[TRY IT]:
Find the line below with "- Steam the" and the line with "記事は栃本所長のスクラップを". Output exactly those lines and everything between them, leaving out the pictures.

[SUPPLIED INFORMATION]:
Start of Block

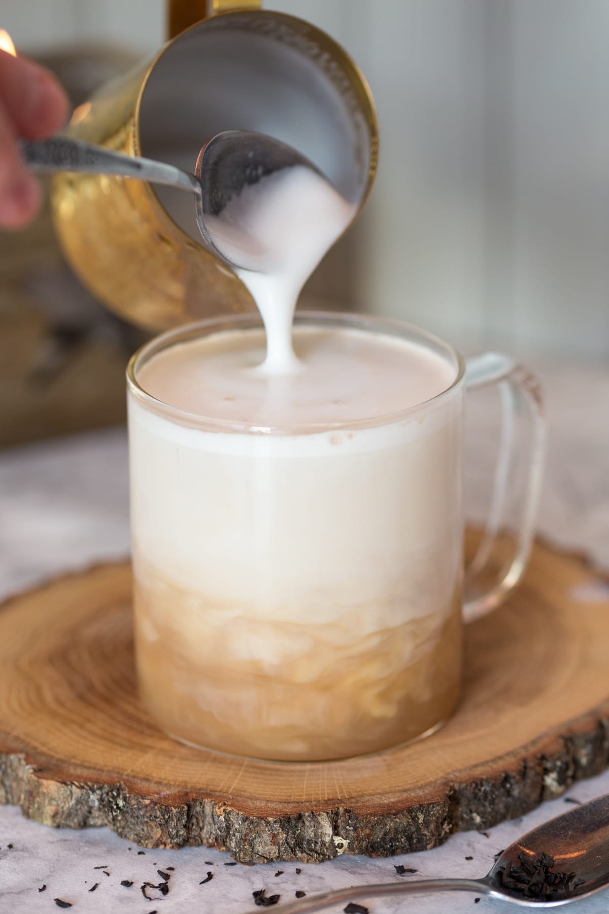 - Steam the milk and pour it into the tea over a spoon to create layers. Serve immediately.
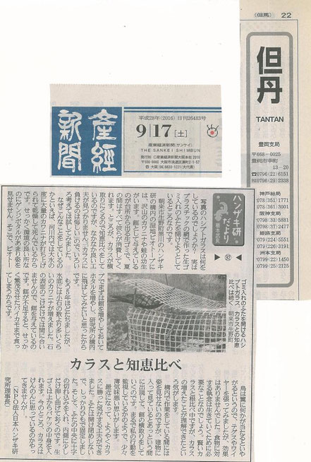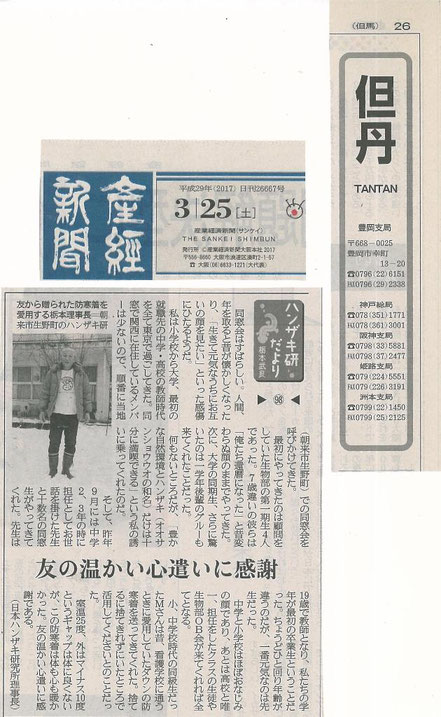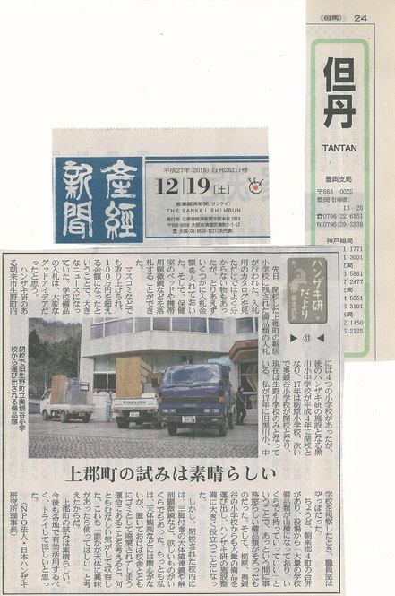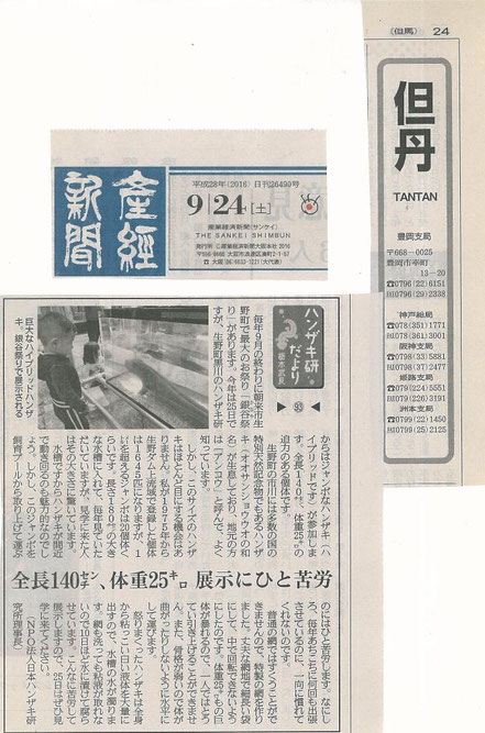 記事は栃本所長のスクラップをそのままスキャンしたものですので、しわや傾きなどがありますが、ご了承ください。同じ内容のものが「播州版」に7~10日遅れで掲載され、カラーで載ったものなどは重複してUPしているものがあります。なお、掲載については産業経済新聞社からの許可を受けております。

End of Block
Start of Block

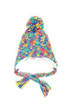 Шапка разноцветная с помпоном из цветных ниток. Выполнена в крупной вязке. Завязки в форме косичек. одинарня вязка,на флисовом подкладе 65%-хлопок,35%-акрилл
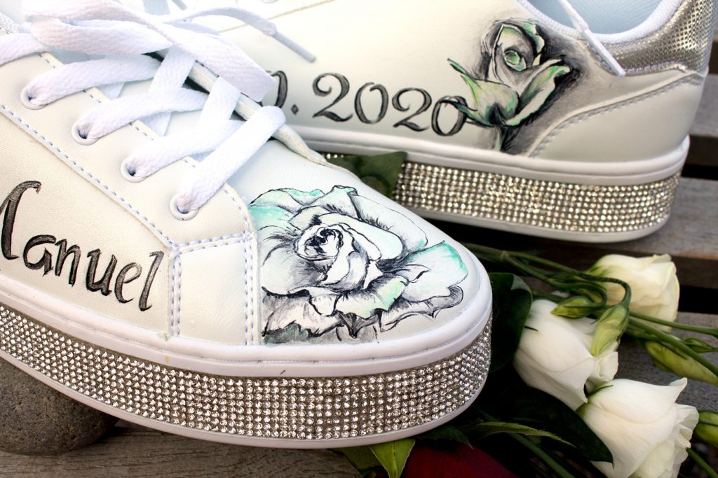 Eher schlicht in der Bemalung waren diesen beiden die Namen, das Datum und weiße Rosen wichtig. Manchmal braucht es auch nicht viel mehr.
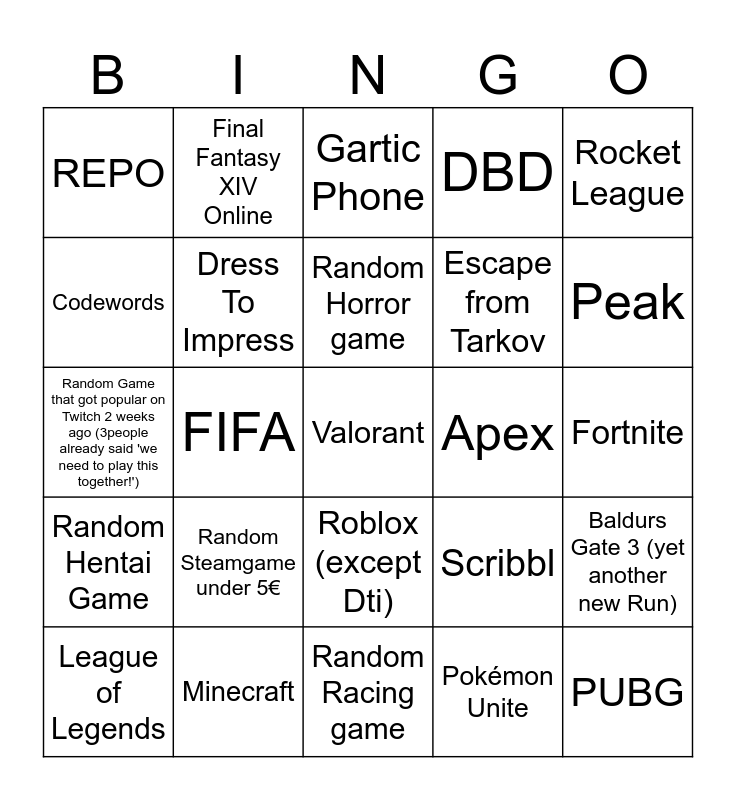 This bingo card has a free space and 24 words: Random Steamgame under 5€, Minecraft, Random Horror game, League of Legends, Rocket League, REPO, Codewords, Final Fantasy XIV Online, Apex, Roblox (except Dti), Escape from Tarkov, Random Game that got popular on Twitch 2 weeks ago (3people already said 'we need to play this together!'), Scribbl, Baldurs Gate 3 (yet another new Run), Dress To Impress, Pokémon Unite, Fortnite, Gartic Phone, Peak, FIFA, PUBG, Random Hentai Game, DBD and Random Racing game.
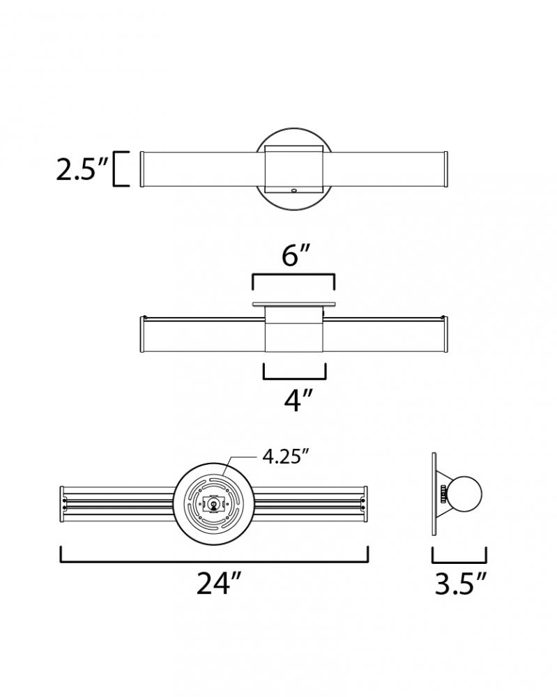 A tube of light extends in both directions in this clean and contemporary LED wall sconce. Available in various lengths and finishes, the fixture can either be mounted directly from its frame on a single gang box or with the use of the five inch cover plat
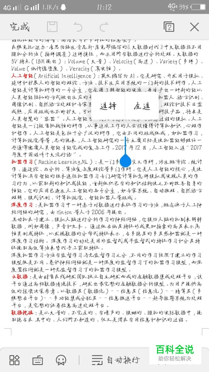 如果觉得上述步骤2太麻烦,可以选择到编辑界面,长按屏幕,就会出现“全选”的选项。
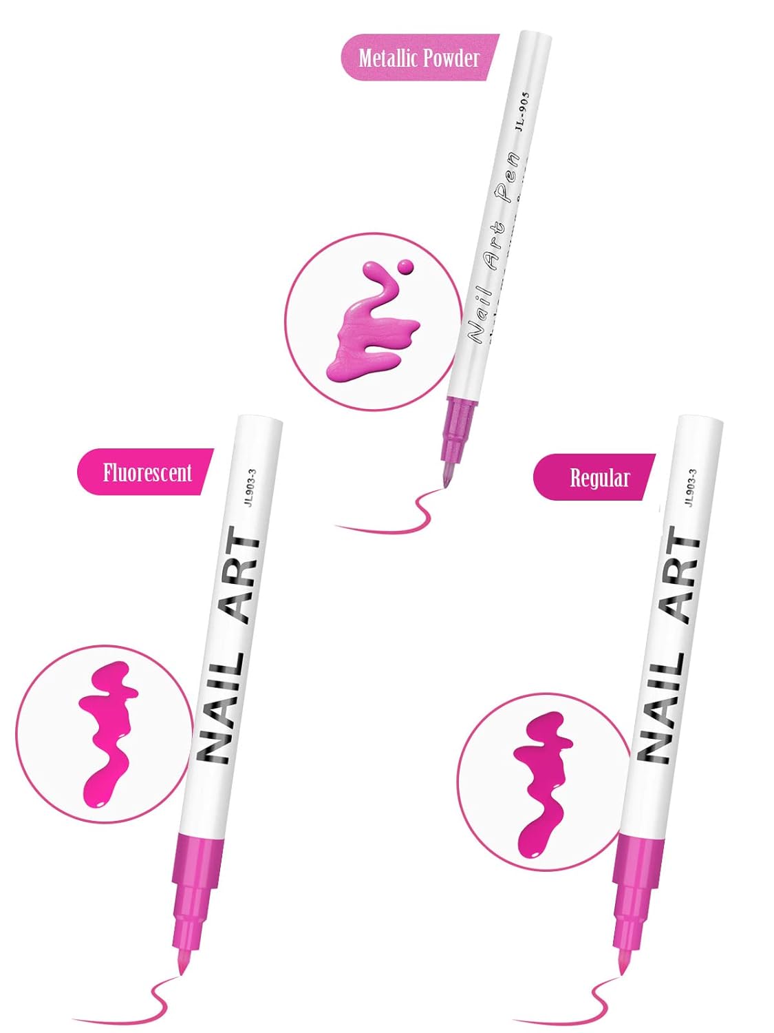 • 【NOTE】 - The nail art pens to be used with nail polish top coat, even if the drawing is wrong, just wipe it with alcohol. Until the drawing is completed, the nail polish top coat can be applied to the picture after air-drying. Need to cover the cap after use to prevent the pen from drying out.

End of Block

[FINISHED TASK]:
 - Steam the milk and pour it into the tea over a spoon to create layers. Serve immediately.
 記事は栃本所長のスクラップをそのままスキャンしたものですので、しわや傾きなどがありますが、ご了承ください。同じ内容のものが「播州版」に7~10日遅れで掲載され、カラーで載ったものなどは重複してUPしているものがあります。なお、掲載については産業経済新聞社からの許可を受けております。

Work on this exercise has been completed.